In the paper [Da Silva, L. C. B. et al., "Quantum mechanics of a constrained particle and the problem of prescribed geometry-induced potential", Ann. Phys. (New York) 379 (2017) 13] we were interested in finding surfaces with prescribed (skew curvature) H² - K.
Since the general prescribed problem is too difficult, we investigated the problem for surfaces invariant by a 1-parameter group of isometries. In Sect. 5, the Eq. (38) gives a curve whose corresponding revolution surface has prescribed \sqrt{H^2-K}. In particular, in Eq. (40) of Example 5.2, you will find the equation for a curve whose corresponding revolution surface has constant skew curvature H² - K.

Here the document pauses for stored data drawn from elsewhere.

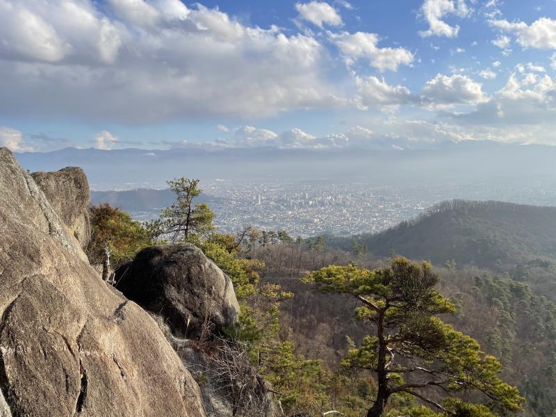 年始に立てた今年の計画で幾つか果たせなかった目標があった。その中の一つが昨年8月から再開した週一の白山トレーニングだ。1年目は目標の48回に対し43回で、目標達成率は約90%だった。それが2年目は5ヶ月が経過して10回で達成率は50%と一気に下がった。仕事を言い訳にしたくないが、コロナ5類にともない日常が徐々に戻り、久し振りに忙しい年末だった。今日は朝から雨、午前中は出勤して残務整理を、午後から緑ヶ丘に向かう。予想以上に閑散とした体育館の駐車場からスタートする。スタートから大量の落ち葉で滑り湯村山12分9秒、下りで挽回を期す。予想以上に暑く、途中で手袋と上着を取ってタイムロス、法泉寺山を25分で通過する。コル29分、汗が流れ目に入って痛い。次回からヘッドバンドは必須としよう。第2東屋39分、八王子山へのスパートに入る。果たせなかった他の目標も来年には達成したい。その思いをバネに、花崗岩の路面を強く踏み込む。八王子山の通過は43分、白山ゴールは48分、全力を出し切って今年のトレーニングが終わった。帰路はゆっくりと甲府の街を見下ろす。 SM緑ヶ丘14:10~白 山14:58 0+48(10℃ 48.53.39)
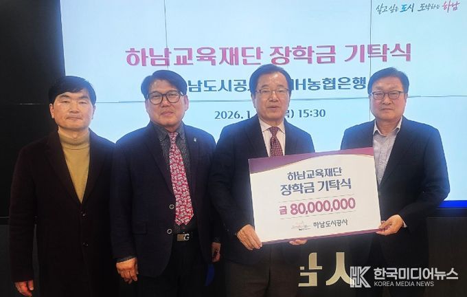 [ 한국미디어뉴스 김서안 기자 ] 하남교육재단은 29일 하남시청에서 하남도시공사로부터 하남시 미래인재육성을 위해 장학금과 캠퍼스투어 운영을 위한 기부금 8천만 원을 전달받았다.
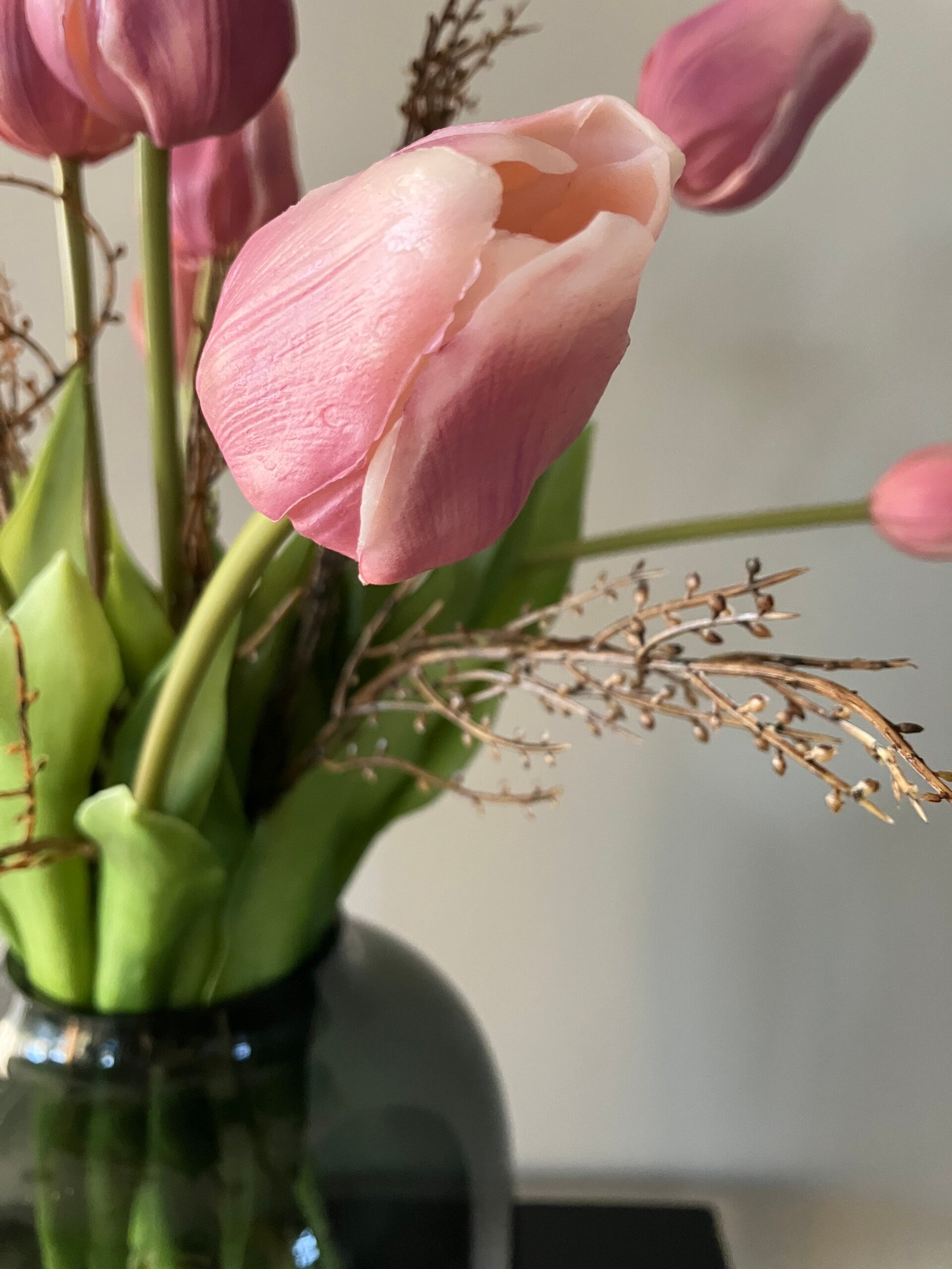 In dit mooie tulpenboeket vind je 2 bossen real touch kunsttulpen van 47cm en 3 kunst gageltakjes.

Just a small note for the benefit of other recent readers of this question :)
In their recent paper
Article A Note on the Class of Surfaces with Constant Skew Curvatures
Magdalena and Alexander referred to the surfaces in question as to those with constant skew curvature.
Thank you prof. Sergyeyev,
Yes, in our recent paper, we referred to the surfaces in question as constant skew curvature surfaces (CSkC surfaces)
in dif geometry of warped submanifolds of some kahler, cosymplektic manifolds
Dear Professors Cenap Özel and Zhen Guo,
Thank you for your very interesting answers!!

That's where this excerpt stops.